▶ Directions for this task: Without the pictures, print the lines from the one holding "Green Foil Backdrop" through the last line below, both included, exactly as they stand.

[Records from a data collection]
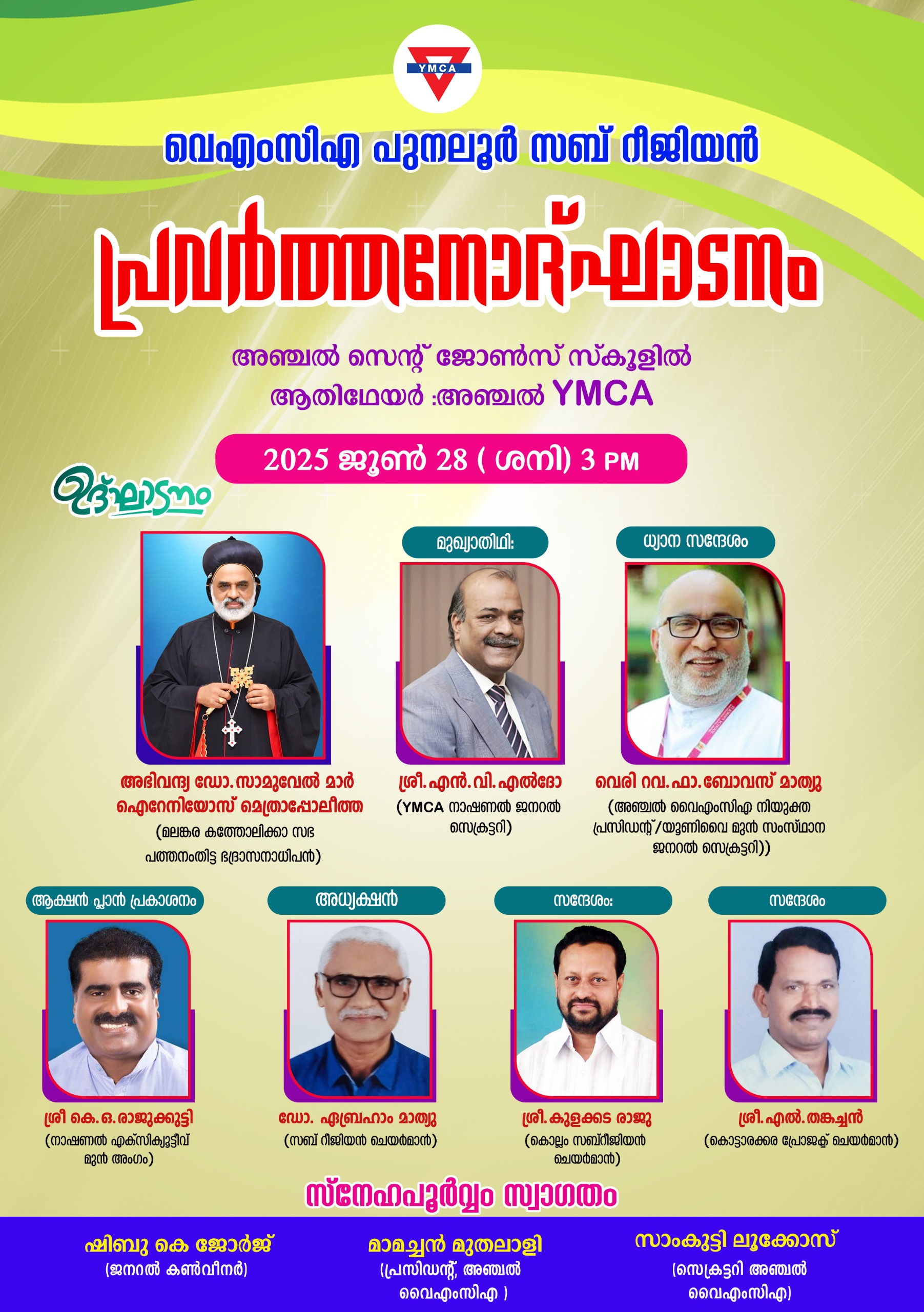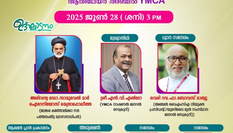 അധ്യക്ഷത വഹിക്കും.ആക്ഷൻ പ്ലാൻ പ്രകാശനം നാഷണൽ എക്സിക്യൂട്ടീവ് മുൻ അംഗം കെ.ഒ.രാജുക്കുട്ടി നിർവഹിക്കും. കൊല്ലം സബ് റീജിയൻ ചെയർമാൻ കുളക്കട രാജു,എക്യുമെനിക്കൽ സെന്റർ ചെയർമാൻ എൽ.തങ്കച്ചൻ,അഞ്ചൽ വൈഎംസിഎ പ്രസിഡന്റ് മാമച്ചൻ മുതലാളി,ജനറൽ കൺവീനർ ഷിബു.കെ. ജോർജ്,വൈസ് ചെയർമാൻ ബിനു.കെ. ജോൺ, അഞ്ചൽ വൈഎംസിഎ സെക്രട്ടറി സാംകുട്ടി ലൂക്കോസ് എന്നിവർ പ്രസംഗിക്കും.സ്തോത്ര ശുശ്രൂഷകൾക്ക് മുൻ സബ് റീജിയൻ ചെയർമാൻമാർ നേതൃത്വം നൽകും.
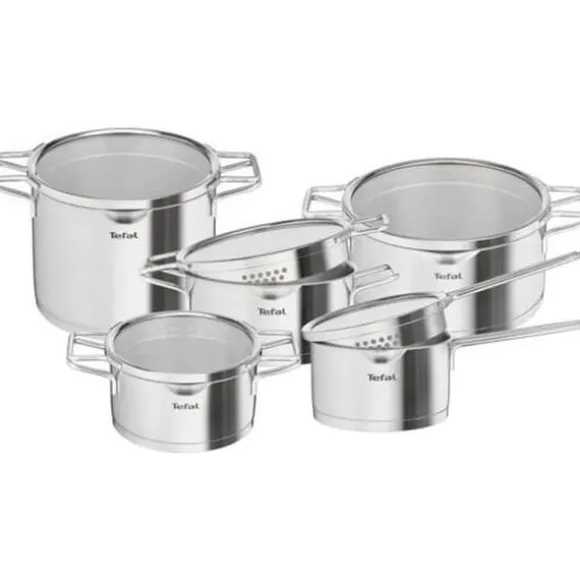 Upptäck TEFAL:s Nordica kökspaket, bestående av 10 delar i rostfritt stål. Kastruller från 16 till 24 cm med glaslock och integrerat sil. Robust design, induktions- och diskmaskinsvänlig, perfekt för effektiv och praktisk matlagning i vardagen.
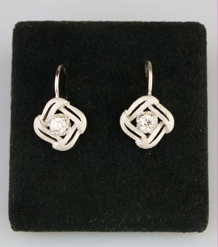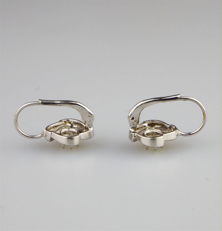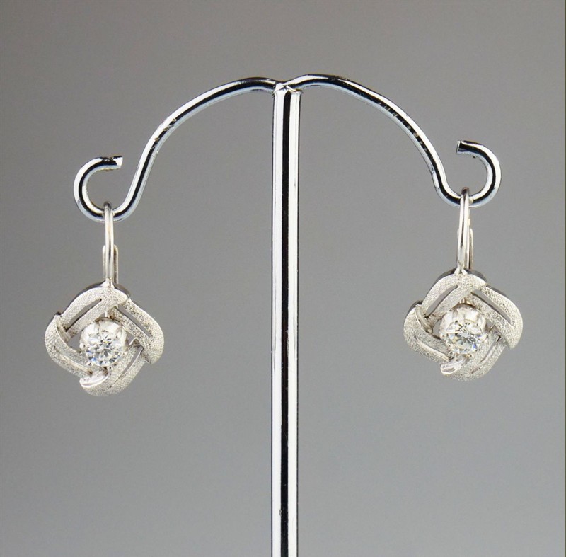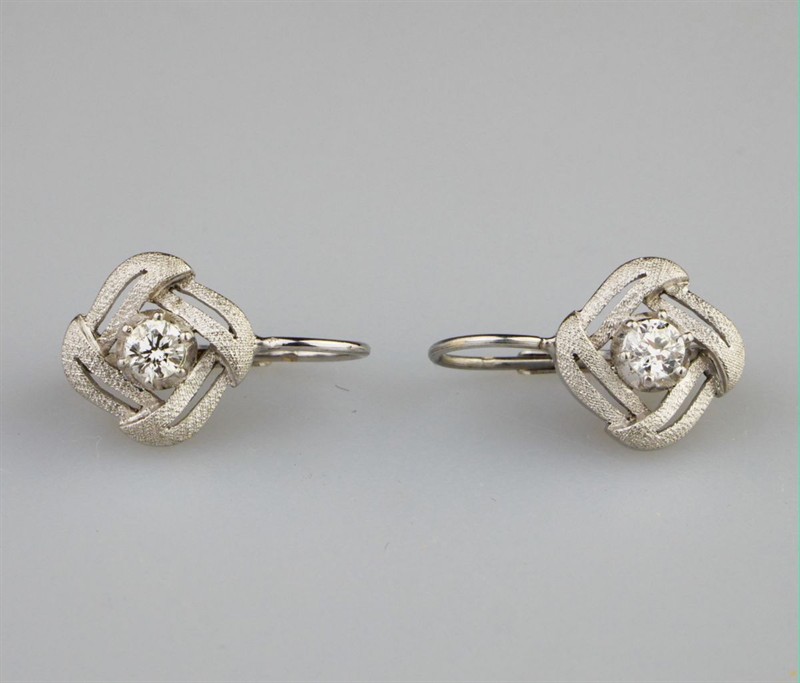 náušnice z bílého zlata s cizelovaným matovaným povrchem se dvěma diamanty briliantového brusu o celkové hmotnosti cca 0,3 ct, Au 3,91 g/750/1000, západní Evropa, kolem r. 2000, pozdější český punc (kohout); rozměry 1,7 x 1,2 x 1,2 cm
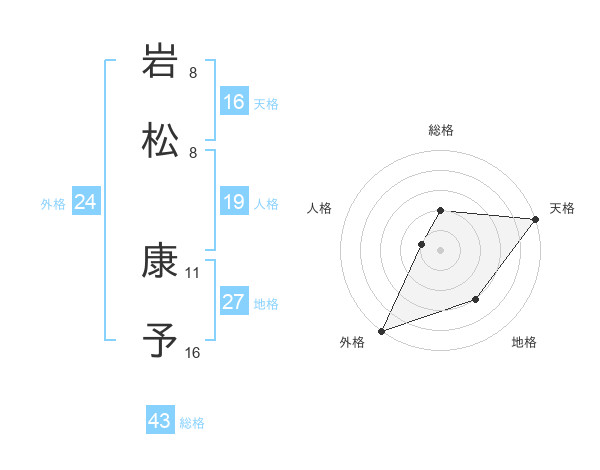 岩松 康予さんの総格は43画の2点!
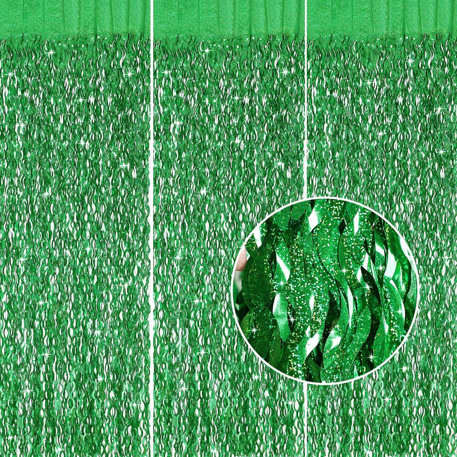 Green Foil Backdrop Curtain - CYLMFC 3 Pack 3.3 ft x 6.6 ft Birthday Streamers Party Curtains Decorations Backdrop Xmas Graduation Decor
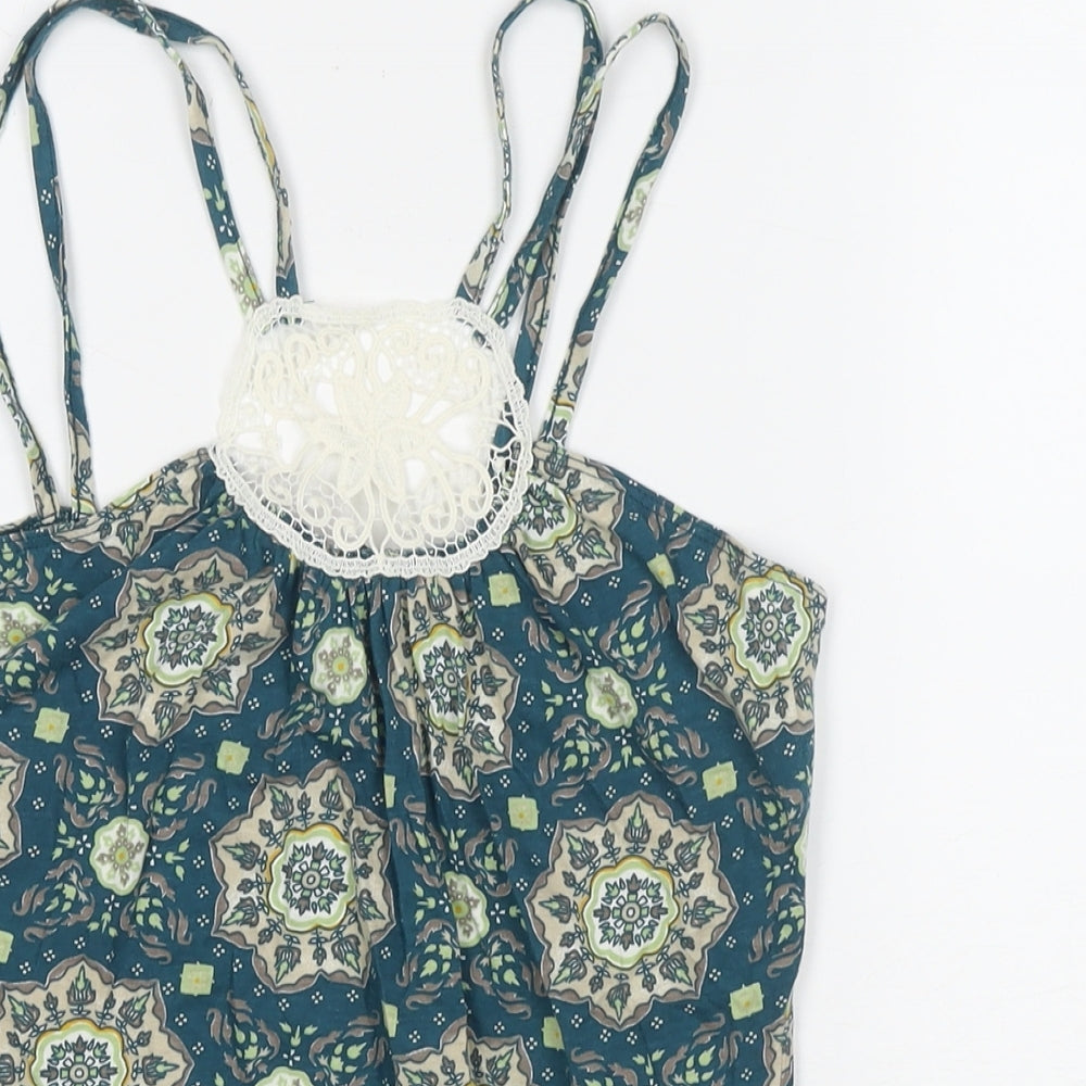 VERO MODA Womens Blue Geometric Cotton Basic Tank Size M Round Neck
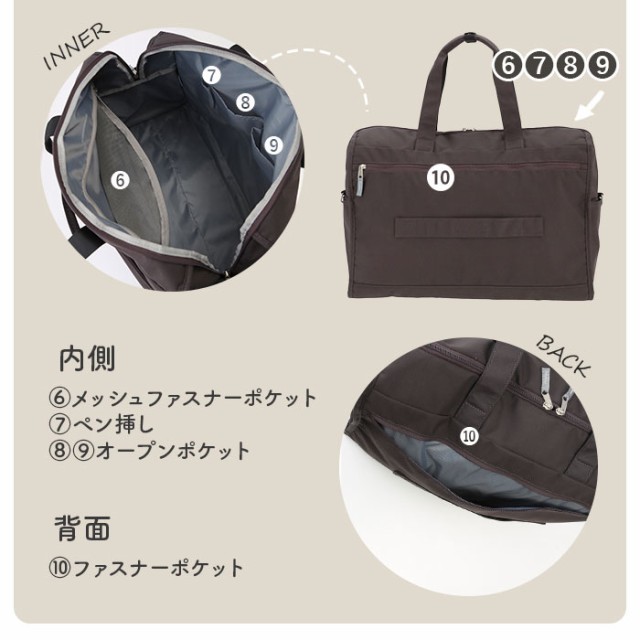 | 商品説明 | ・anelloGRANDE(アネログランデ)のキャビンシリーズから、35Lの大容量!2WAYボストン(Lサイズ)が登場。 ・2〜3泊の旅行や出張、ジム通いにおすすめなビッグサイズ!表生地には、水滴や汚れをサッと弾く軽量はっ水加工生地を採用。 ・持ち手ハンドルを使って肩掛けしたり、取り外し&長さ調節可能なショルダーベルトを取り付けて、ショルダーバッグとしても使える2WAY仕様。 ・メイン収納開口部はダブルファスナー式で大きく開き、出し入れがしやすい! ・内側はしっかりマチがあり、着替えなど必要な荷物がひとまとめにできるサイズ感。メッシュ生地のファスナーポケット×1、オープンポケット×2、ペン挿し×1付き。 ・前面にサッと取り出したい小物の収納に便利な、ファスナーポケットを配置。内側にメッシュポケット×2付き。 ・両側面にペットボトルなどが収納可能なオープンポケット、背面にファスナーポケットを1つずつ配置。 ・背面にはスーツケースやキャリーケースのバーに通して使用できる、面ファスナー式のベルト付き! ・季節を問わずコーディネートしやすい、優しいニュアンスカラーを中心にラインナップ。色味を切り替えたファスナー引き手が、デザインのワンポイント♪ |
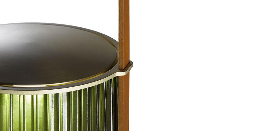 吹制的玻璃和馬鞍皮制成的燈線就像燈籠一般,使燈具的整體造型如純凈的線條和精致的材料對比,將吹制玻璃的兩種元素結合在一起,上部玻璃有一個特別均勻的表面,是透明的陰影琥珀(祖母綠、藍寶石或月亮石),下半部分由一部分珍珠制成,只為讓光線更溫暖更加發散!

▶ Solution to this exercise:
 Green Foil Backdrop Curtain - CYLMFC 3 Pack 3.3 ft x 6.6 ft Birthday Streamers Party Curtains Decorations Backdrop Xmas Graduation Decor
 VERO MODA Womens Blue Geometric Cotton Basic Tank Size M Round Neck
 | 商品説明 | ・anelloGRANDE(アネログランデ)のキャビンシリーズから、35Lの大容量!2WAYボストン(Lサイズ)が登場。 ・2〜3泊の旅行や出張、ジム通いにおすすめなビッグサイズ!表生地には、水滴や汚れをサッと弾く軽量はっ水加工生地を採用。 ・持ち手ハンドルを使って肩掛けしたり、取り外し&長さ調節可能なショルダーベルトを取り付けて、ショルダーバッグとしても使える2WAY仕様。 ・メイン収納開口部はダブルファスナー式で大きく開き、出し入れがしやすい! ・内側はしっかりマチがあり、着替えなど必要な荷物がひとまとめにできるサイズ感。メッシュ生地のファスナーポケット×1、オープンポケット×2、ペン挿し×1付き。 ・前面にサッと取り出したい小物の収納に便利な、ファスナーポケットを配置。内側にメッシュポケット×2付き。 ・両側面にペットボトルなどが収納可能なオープンポケット、背面にファスナーポケットを1つずつ配置。 ・背面にはスーツケースやキャリーケースのバーに通して使用できる、面ファスナー式のベルト付き! ・季節を問わずコーディネートしやすい、優しいニュアンスカラーを中心にラインナップ。色味を切り替えたファスナー引き手が、デザインのワンポイント♪ |
 吹制的玻璃和馬鞍皮制成的燈線就像燈籠一般,使燈具的整體造型如純凈的線條和精致的材料對比,將吹制玻璃的兩種元素結合在一起,上部玻璃有一個特別均勻的表面,是透明的陰影琥珀(祖母綠、藍寶石或月亮石),下半部分由一部分珍珠制成,只為讓光線更溫暖更加發散!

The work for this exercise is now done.